Report each line below that carries the word "with".

Start of EXERCISE INPUTS

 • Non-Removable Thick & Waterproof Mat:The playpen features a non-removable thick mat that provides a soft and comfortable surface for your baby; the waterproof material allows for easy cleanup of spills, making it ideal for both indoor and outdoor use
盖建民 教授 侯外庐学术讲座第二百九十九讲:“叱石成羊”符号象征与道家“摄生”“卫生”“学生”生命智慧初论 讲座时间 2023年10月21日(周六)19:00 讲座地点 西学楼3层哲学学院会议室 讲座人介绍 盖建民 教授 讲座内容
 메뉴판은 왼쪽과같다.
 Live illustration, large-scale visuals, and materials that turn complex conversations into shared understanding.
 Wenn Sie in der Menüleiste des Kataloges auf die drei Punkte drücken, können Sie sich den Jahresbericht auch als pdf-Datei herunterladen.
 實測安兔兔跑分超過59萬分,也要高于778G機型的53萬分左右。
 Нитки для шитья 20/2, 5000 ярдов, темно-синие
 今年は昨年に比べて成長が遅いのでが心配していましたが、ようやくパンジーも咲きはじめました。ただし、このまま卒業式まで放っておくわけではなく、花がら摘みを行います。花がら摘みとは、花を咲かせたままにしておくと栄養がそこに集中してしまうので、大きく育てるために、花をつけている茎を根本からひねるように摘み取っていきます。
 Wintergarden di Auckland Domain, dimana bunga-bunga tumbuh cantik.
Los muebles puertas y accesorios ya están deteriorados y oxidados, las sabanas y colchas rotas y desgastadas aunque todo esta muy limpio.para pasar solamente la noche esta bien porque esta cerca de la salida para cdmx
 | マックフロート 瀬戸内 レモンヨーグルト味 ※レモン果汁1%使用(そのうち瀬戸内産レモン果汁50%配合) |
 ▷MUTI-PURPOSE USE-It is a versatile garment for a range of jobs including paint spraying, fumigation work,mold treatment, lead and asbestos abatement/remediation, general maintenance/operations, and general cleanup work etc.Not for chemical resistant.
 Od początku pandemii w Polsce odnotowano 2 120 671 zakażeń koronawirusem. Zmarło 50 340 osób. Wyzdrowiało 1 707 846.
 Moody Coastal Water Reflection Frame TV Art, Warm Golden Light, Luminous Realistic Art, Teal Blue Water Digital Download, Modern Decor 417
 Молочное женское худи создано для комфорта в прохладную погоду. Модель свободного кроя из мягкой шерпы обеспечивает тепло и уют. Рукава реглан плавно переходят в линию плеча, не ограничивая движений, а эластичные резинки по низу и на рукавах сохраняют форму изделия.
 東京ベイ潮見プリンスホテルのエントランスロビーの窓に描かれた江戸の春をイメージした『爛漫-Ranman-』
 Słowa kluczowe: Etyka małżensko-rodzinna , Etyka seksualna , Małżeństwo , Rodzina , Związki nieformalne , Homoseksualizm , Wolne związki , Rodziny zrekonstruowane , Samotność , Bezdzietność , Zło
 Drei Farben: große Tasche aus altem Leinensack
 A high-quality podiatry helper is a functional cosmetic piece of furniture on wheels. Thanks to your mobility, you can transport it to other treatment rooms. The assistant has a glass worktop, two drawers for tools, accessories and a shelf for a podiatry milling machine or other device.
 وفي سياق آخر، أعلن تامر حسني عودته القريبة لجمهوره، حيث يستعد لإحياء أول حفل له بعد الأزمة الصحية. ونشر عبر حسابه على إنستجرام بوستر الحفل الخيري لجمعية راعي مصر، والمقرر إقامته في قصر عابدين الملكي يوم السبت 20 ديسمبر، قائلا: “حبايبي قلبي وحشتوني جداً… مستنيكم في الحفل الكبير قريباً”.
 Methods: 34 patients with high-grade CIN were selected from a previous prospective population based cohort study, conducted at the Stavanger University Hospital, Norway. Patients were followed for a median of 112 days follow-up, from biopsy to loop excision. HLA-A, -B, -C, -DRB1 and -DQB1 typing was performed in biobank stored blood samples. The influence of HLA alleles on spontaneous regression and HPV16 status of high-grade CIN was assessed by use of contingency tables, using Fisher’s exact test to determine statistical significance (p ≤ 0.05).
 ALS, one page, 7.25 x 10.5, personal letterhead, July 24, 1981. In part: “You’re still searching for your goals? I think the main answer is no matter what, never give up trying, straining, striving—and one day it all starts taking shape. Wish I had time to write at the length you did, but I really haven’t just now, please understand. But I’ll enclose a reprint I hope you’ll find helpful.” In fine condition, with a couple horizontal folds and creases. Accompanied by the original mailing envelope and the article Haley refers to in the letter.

End of EXERCISE INPUTS

_PROBLEM SOLUTION_.
 Methods: 34 patients with high-grade CIN were selected from a previous prospective population based cohort study, conducted at the Stavanger University Hospital, Norway. Patients were followed for a median of 112 days follow-up, from biopsy to loop excision. HLA-A, -B, -C, -DRB1 and -DQB1 typing was performed in biobank stored blood samples. The influence of HLA alleles on spontaneous regression and HPV16 status of high-grade CIN was assessed by use of contingency tables, using Fisher’s exact test to determine statistical significance (p ≤ 0.05).
 ALS, one page, 7.25 x 10.5, personal letterhead, July 24, 1981. In part: “You’re still searching for your goals? I think the main answer is no matter what, never give up trying, straining, striving—and one day it all starts taking shape. Wish I had time to write at the length you did, but I really haven’t just now, please understand. But I’ll enclose a reprint I hope you’ll find helpful.” In fine condition, with a couple horizontal folds and creases. Accompanied by the original mailing envelope and the article Haley refers to in the letter.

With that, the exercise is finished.